Mutants containing in-frame deletions of various A. faecalis genes were constructed by using a two-step integration-segregation strategy similar to that described previously (13). In-frame deletion mutations were constructed by cloning ca. 1-kbp PCR fragments carrying the sequences immediately upstream and downstream of the desired deletion junction into the suicide vector pAW19 (24). After cloning in the upstream and downstream regions for each deletion, the lacZ gene under control of the tetA promoter was cloned into each plasmid. The plasmids were transferred into A. faecalis by conjugation with E. coli BW20767 donors carrying the appropriate plasmids. Recombinants in which the plasmid, which could not replicate in A. faecalis, had integrated into the chromosome by homologous recombination were selected on the basis of kanamycin resistance encoded on the plasmid. Conjugation was performed as described previously (12). Transconjugants were grown nonselectively to allow loss of the plasmid by recombination and then screened for recombinants that had lost the plasmid backbone. Cleavage of the chromogenic substrate X-Gal conferred by the lacZ gene was used to screen for the presence of plasmid integrants and segregants because the sacB-dependent sucrose-sensitive selection normally used with pAW19 (24) proved to be ineffective in A. faecalis. Approximately 50% of these recombinants contained the desired deletion mutation, while in the remainder the wild-type allele was restored. The following plasmids were used in strain construction: pMW12 for deletion of ptxD, pMW14 for deletion of htxA, pMW15 for deletion of htxBCD, pMW18 for deletion of ptxE, and pMW19 for deletion of the entire htx region (Table 1). All deletion mutants were verified to have the predicted chromosome structures by DNA hybridization experiments as described above.

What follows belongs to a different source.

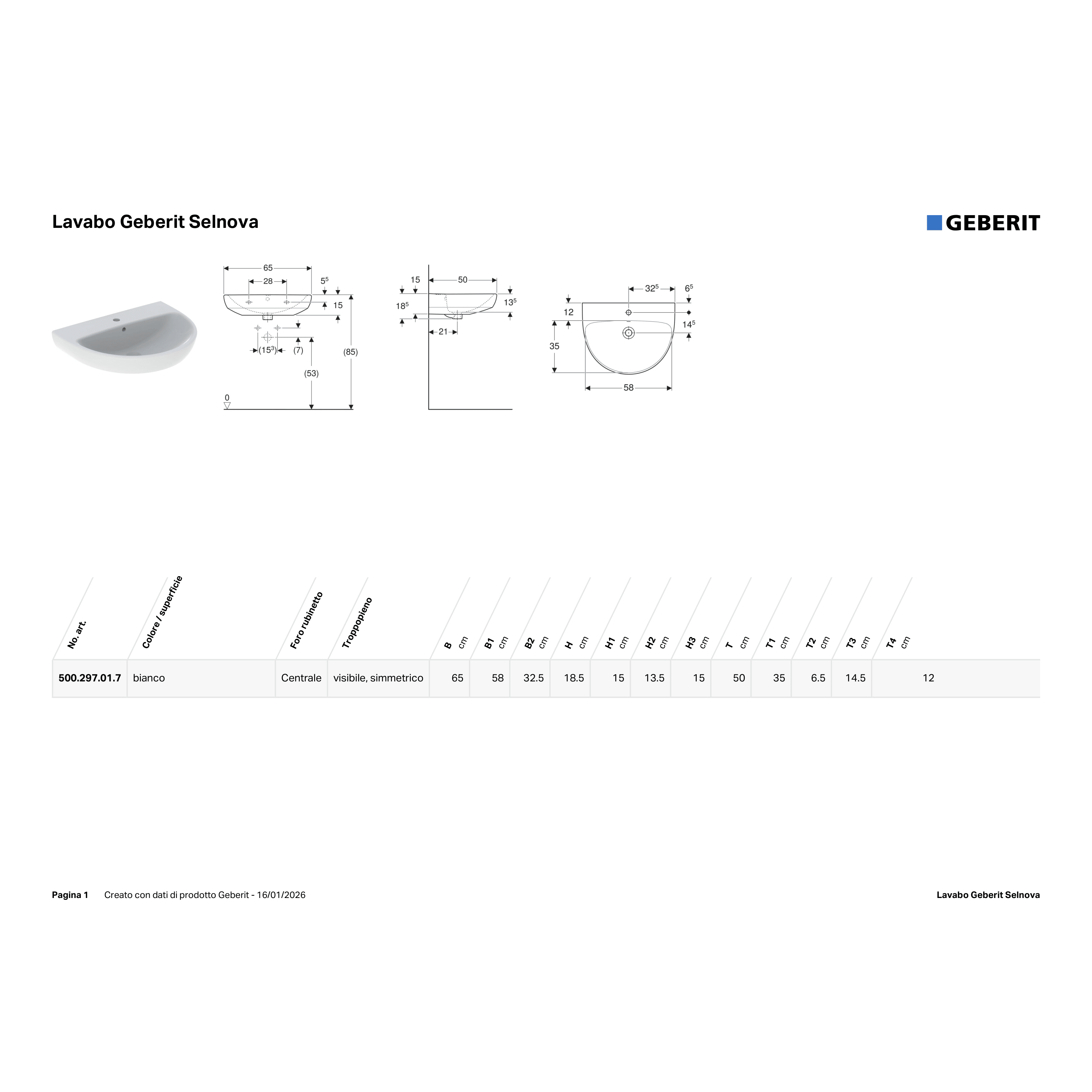 Lavabo Con Colonna 65 Cm Geberit "Selnova" Bianco Lucido

Purification and enzymatic activity of MBP-PtxD from A. faecalis and P. stutzeri.
Construction of pMW6, which carries an N-terminal malE::ptxD translational fusion to the second codon of the A. faecalis ptxD gene, is described in Table 1. The vector used for overexpression of a maltose-binding protein-PtxD fusion (MBP-PtxD) from P. stutzeri was described previously (6). The methods used for overexpression and purification of MBP-PtxD proteins and for phosphite dehydrogenase assays were described previously (6).

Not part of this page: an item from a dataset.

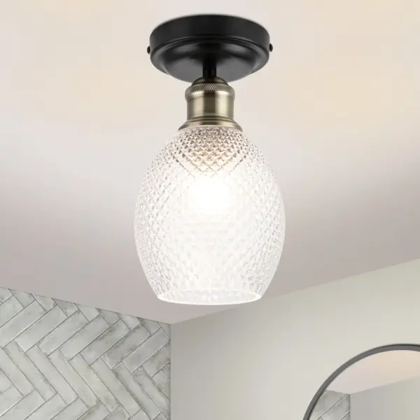 Transform your interior with the elegant Auburn Bathroom Classic Faceted Glass Ceiling Flush Light. This classic lighting fixture boasts a sleek matt black finish, its unique glass flush mount creating a mesmerizing play of light and shadow. Experience perfect brightness with its E27 bulb compatibility, offering versatile lighting solutions. Ideal for bathrooms or ensuites, it perfectly complements traditional, classic, or transitional interior styles, adding a touch of sophistication and charm.
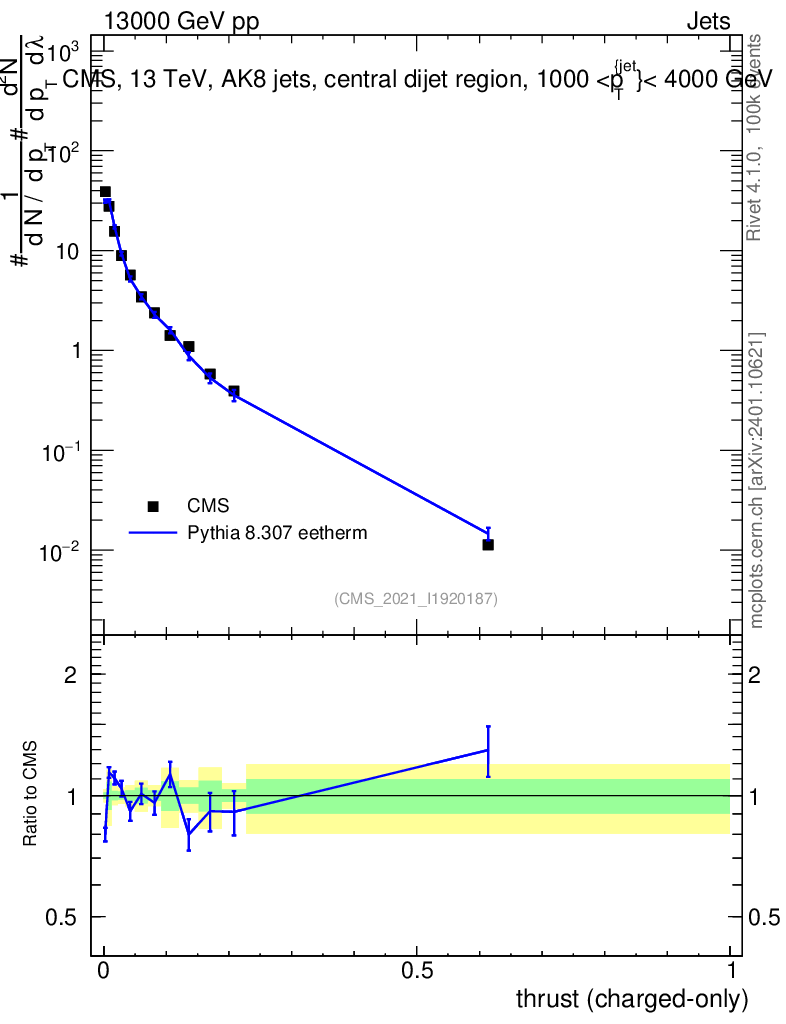 Lines: data, pythia8 8.307 eetherm |

Nucleotide sequence accession numbers.
The GenBank nucleotide accession numbers for sequences determined in this study are AY548382 for the htx-ptx region, AY548383 for the phoBR genes, and AY548384 for the 16S rRNA gene of A. faecalis.
RESULTS
Isolation of A. faecalis WM2072, a new hypophosphite- and phosphate-oxidizing bacterium.

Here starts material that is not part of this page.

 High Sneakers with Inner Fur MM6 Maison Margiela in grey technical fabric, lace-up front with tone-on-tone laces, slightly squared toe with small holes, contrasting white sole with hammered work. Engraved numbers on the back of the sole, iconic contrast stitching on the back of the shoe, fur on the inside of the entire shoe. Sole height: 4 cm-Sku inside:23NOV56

A water sample from the waste lagoon at the University of Illinois Swine Research Facility was diluted and plated onto agar-solidified 20 mM succinate-MOPS medium containing hypophosphite as the sole P source. Colonies that grew after several days of incubation at 30°C were purified by streaking on the same medium. One organism, identified by 16S rRNA gene sequence analysis as a strain of the β-proteobacterial species A. faecalis (designated strain WM2072), was chosen for further characterization.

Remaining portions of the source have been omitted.